Even artificial light sources were lavished with van Gogh’s loving attention. In Starry Night Over the Rhone, light emanating from homes lit up the river, where their gleaming reflections rivaled the brilliance of the stars above. In The Night Café, ceiling lamps took on lives of their own as they swayed commandingly above the café patrons, their yellow glows pulsating in the air as if to the beat of music.

The Night Cafe (1888)

The Night Café (1888)

van Gogh was, nonetheless, not unique in his fascination with light. Chinese mythology describes of a giant named Kuafu, who raced after the Sun, chasing it until it disappeared at the horizon at dusk. The Japanese people, as a whole, has an attachment to fireflies – the insects feature prominently in many verses (“Do I see only fireflies drifting with the current? Or is the Night itself drifting, with its swarming of stars?”), prose and folktales, among which include a legend portraying fireflies as the spirits of slain warriors. In fact, the bugs have been used as a metaphor for passionate love in Japanese poetry since the emergence of the oldest anthology, Man’yōshū, during the Nara period.

Fireflies

Still, as ardent as this longing for light may be, the quests for it often ended in calamity or melancholy. van Gogh suffered from epileptic episodes, mood swings, paranoia and delusions during his life, which allegedly culminated in a violent suicide. Kuafu, overwhelmed by an enormous thirst at the end of his pursuit, drank up the Yellow River but failed to quench his thirst. He then proceeded to the Great Sea, but succumbed to dehydration before he reached the place. If deceased warriors did find a new form of embodiment through fireflies, their extended time on Earth lasted merely as long as the lifespan of the insects: a measly two months on average. Even love sometimes fizzles out and vanishes without a trace, making its resemblance to the beautiful but short-lived insects more of a lament than an accolade.

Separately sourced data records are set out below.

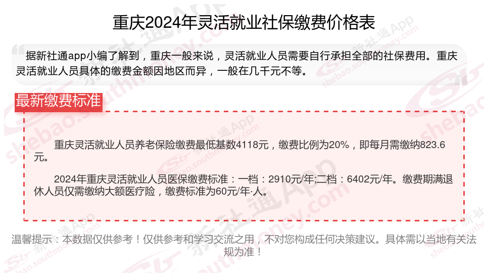 重庆灵活就业自己交社保一个月要交多少钱?根据新社通app-社保缴费查询工具提供的最新数据如下: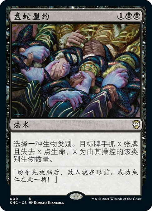 ![]() Variations— Parts— | Pacto de la SerpienteElige un tipo de criatura. El jugador objetivo roba X cartas y pierde X vidas, donde X es la cantidad de criaturas que controla del tipo elegido.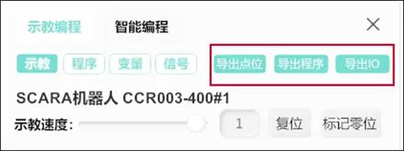 示教面板上方“導(dǎo)出點(diǎn)位”、“導(dǎo)出程序”“導(dǎo)出I0”按鈕,分別支持對當(dāng)前點(diǎn)位表、程序、10的導(dǎo)出。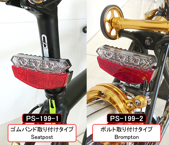 ・リアライト本体は、シートポスト等に固定するゴムバンド取り付けタイプ(PS-199-1)と、Bromptonのリアリフレクター固定部に装着できるボルト取り付けタイプ(PS-199-2)の2つのブラケットタイプから選択可能

Yet if one could catch a glimpse of these individuals at their most glorious moments: van Gogh’s romantic renditions of the heavens, Kuafu conquering vast stretches of land under his feet in his bold wager against the Sun, the warriors’ heroic battles for their cause; it may be hard not to be dazzled by their awe-inspiring efforts. Regrettably, many historic figures do not leave adequate marks of themselves for modern-day opinion makers to form a well-rounded judgement of them. Often, their legacy was left at the mercy of victors, who could be incentivised to tarnish their names. Even when such mudslinging did not occur, contemporary commentators, knowing only of their ultimate defeats (be them to the force of nature or human adversaries), may be quick to dismiss them as pathetic losers. One can only imagine the full extent of the injustice as their true selves are shut away in an unreachable corner of history, the forced recluses in our collective narrative.

Exactly how many “van Gogh”s, far more removed from the present era than the starry night lover himself and incapable of leaving records of themselves in their trail, have languished in human memory, their valiant struggles never seeing the light of the day?